I have a 7D and today I noticed, when I downloaded,  that it failed to write 9-12 images to the card. Has anyone else seen this happen before? I shot more later and they were written.

Thnx


----------



## mwcfarms (Dec 18, 2011)

Faulty card?


----------



## Derrel (Dec 18, 2011)

Did you turn the power off while the camera was writing from the buffer and to the storage card??? That is a very common occurrence with all brands of d-slr.
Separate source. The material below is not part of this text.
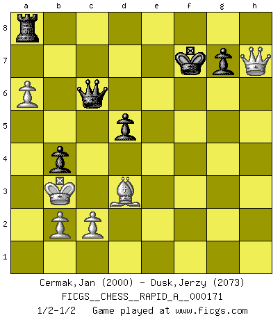 Last move : 1/2-1/2 2015 February 9 12:42:23 [Event "FICGS__CHESS__RAPID_A__000171"] [Site "FICGS"] [Date "2015.01.13"] [Round "1"] [White "Cermak,Jan"] [Black "Dusk,Jerzy"] [Result "1/2-1/2"] [WhiteElo "2000"] [BlackElo "2073"] 1.e4 c5 2.Nf3 d6 3.d4 cxd4 4.Nxd4 Nf6 5.Nc3 a6 6.Be3 e5 7.Nb3 Be6 8.f3 Be7 9.Qd2 O-O 10.O-O-O Nbd7 11.g4 b5 12.g5 Nh5 13.Kb1 Nb6 14.Nd5 Nxd5 15.exd5 Bf5 16.Na5 Qd7 17.Nc6 f6 18.h4 Bd8 19.Rh2 Bc7 20.Qb4 Qf7 21.Qa3 Bd7 22.Bd3 f5 23.Qb3 Kh8 24.Rg2 Qe8 25.Qc3 Bd8 26.a3 Rc8 27.a4 Bxc6 28.dxc6 b4 29.Qc4 Qxc6 30.Qxa6 Qxf3 31.Rf1 Qxg2 32.Qxc8 Ng3 33.Rc1 f4 34.Bb6 e4 35.Bb5 Qd2 36.Bxd8 f3 37.Qg4 Ne2 38.Rf1 Rxd8 39.Qxe4 Ng3 40.Qxf3 Nxf1 41.Qxf1 Qd4 42.Qf5 Qxh4 43.Bd3 d5 44.Ka2 Kg8 45.Kb3 h6 46.gxh6 Qxh6 47.a5 Qd6 48.a6 Ra8 49.Qh5 Rd8 50.Bg6 Qc6 51.Qh7+ Kf8 52.Qh4 Ra8 53.Bd3 Kg8 54.Qh7+ Kf7 1/2-1/2 Sicilian : Najdorf, Byrne (English) attack Kingside Castling by player Black (move 9) Queenside Castling by player White (move 10) This chess game ended in a draw. Follow this game move after move (download)The defensive power of a pinned piece is only imaginary. (Aaron Nimzovich) Frage: Wie viele Autos haben Sie schon zerstört? - Antwort: Nur zwei. (Loek van Wely) Muchos jugadores de Ajedrez se sorprendían cuando después de la partida, Fischer explicaba con calma: 'Yo ya había analizado esta posibilidad' en una posición en la cual yo creía que no era posible de prever desde la apertura. (Mikhail Tal) Soyez une menace à chaque fois que vous vous asseyez pour jouer. (Ken Smith) Every now and then a man's mind is stretched by a new idea and never shrinks back to its former dimensions. (Oliver Wendell Holmes, Sr.)

I have at times, had some weird problems with Canons when switching between Folders. At one time, Canon d-slr's would only hold 100 images per folder,and then a new folder would be created...the doggone 20D, if being shot on long sequences (track meet) would often malfunction on the LAST frame within each new folder, and write a PARTIAL file, which was corrupt, in complete,unusable, and then would write the completed file in the next folder.


----------



## Onerider (Dec 18, 2011)

I didn't turn the power off until I got to the truck. I just formatted the card and shot another 50 images. They all got written. Oh well, I didn't loose anything I can't redo.
Thanks for the ideas.


----------



## SCraig (Dec 18, 2011)

If it truly did fail to write the photos, in other words you are absolutely certain that they were taken and didn't just get "Lost In The Shuffle", then I'd recommend that you find out what caused it now rather than later when the shots really count.


----------



## Onerider (Dec 18, 2011)

I have run 2 rounds of 50 shots in high speed and they all worked. I screwed up somewhere, somehow I guess.
SCraig, I see you're from Nashville and ride bikes. I'm in Altamont and ride a Goldwing. Your website is nice.


----------



## SCraig (Dec 18, 2011)

Onerider said:


> I have run 2 rounds of 50 shots in high speed and they all worked. I screwed up somewhere, somehow I guess.
> SCraig, I see you're from Nashville and ride bikes. I'm in Altamont and ride a Goldwing. Your website is nice.


Cool!  Another rider from Tennessee around here.  You live in some gorgeous country, I've been through there several times.  Great place for a rider and photographer.


----------